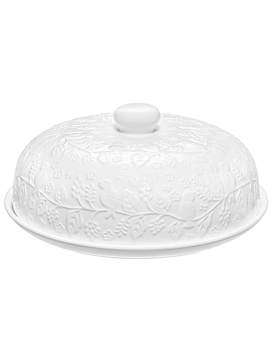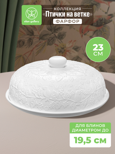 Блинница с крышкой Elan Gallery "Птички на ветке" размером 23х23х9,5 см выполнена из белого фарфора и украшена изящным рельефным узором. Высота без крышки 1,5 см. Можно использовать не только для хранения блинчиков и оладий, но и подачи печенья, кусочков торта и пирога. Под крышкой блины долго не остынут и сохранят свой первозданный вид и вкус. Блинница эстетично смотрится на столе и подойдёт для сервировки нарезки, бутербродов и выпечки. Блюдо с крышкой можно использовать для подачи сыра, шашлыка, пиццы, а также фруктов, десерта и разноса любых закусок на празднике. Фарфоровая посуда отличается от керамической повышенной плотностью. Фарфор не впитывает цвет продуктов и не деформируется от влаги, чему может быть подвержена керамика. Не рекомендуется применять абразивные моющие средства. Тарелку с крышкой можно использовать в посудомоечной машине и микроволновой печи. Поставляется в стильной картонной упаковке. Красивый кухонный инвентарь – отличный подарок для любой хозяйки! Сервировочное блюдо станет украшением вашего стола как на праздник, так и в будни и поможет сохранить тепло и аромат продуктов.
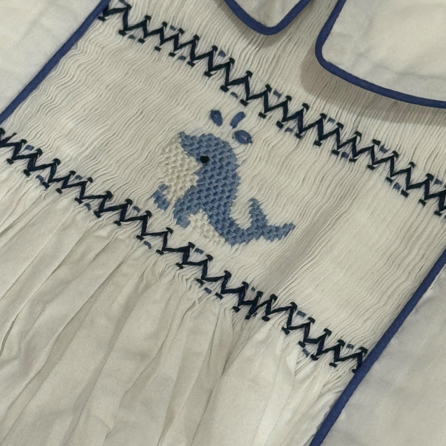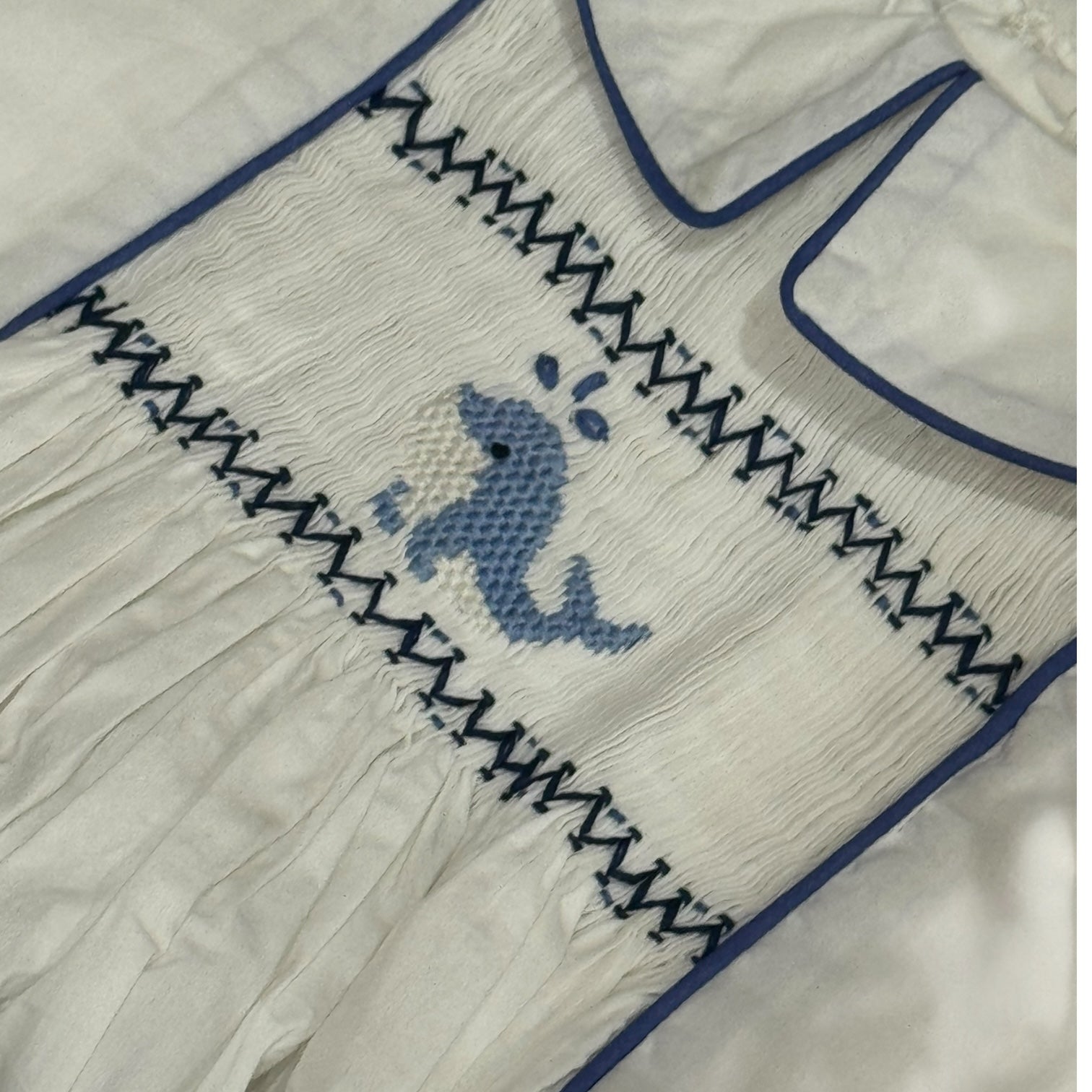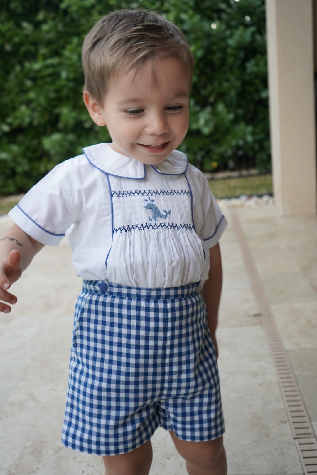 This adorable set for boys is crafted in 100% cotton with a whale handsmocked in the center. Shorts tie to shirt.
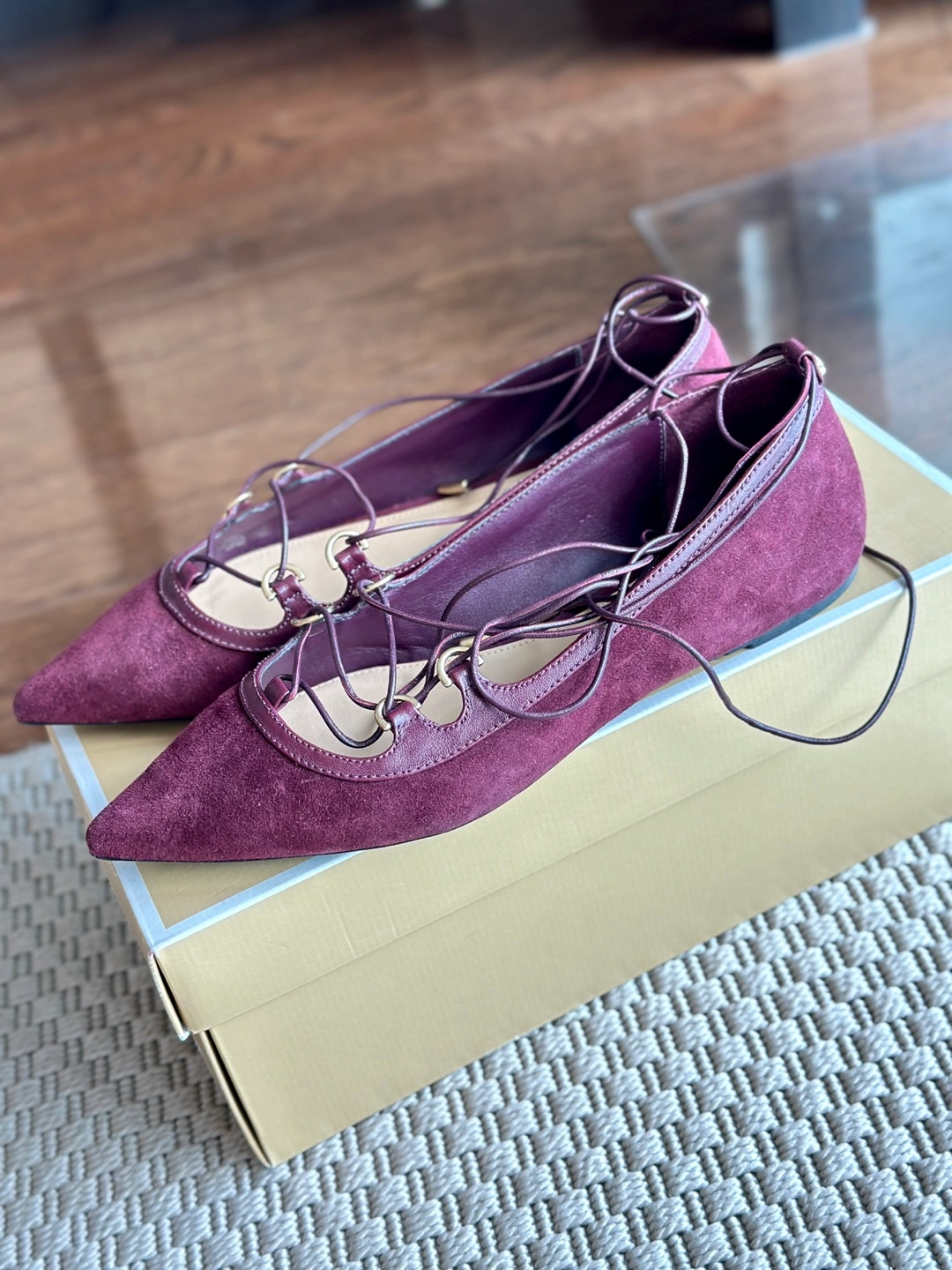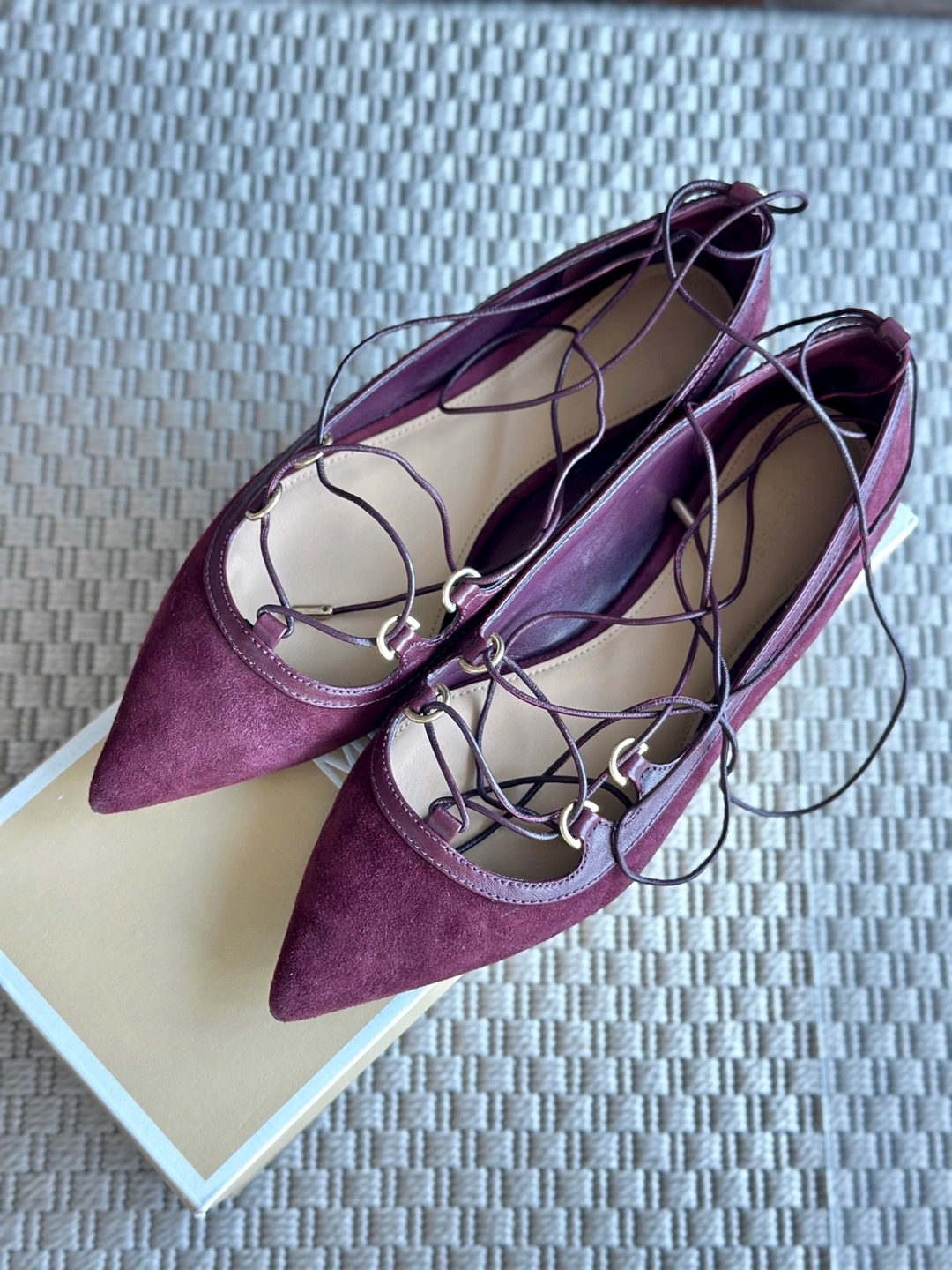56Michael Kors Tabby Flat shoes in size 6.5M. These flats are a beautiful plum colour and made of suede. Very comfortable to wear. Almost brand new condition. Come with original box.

...

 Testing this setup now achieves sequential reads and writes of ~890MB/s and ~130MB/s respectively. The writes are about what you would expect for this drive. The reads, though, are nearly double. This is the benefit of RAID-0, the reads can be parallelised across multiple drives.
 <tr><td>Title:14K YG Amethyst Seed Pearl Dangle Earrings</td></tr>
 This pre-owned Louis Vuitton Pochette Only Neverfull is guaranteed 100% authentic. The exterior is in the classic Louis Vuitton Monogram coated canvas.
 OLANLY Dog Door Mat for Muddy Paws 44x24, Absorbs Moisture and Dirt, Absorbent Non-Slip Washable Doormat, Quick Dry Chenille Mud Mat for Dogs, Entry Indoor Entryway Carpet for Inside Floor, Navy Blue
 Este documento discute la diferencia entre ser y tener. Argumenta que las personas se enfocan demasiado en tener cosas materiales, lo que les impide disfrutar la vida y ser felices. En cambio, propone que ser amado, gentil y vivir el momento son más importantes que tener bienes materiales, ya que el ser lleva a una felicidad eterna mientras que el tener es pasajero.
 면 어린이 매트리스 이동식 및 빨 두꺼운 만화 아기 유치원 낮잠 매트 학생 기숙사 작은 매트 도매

THE PROBLEM:
Copy the records above exactly, beginning at the line that contains "Testing this setup" and stopping after the line that contains "OLANLY Dog Door".

SOLUTION TO THIS PROBLEM:
 Testing this setup now achieves sequential reads and writes of ~890MB/s and ~130MB/s respectively. The writes are about what you would expect for this drive. The reads, though, are nearly double. This is the benefit of RAID-0, the reads can be parallelised across multiple drives.
 <tr><td>Title:14K YG Amethyst Seed Pearl Dangle Earrings</td></tr>
 This pre-owned Louis Vuitton Pochette Only Neverfull is guaranteed 100% authentic. The exterior is in the classic Louis Vuitton Monogram coated canvas.
 OLANLY Dog Door Mat for Muddy Paws 44x24, Absorbs Moisture and Dirt, Absorbent Non-Slip Washable Doormat, Quick Dry Chenille Mud Mat for Dogs, Entry Indoor Entryway Carpet for Inside Floor, Navy Blue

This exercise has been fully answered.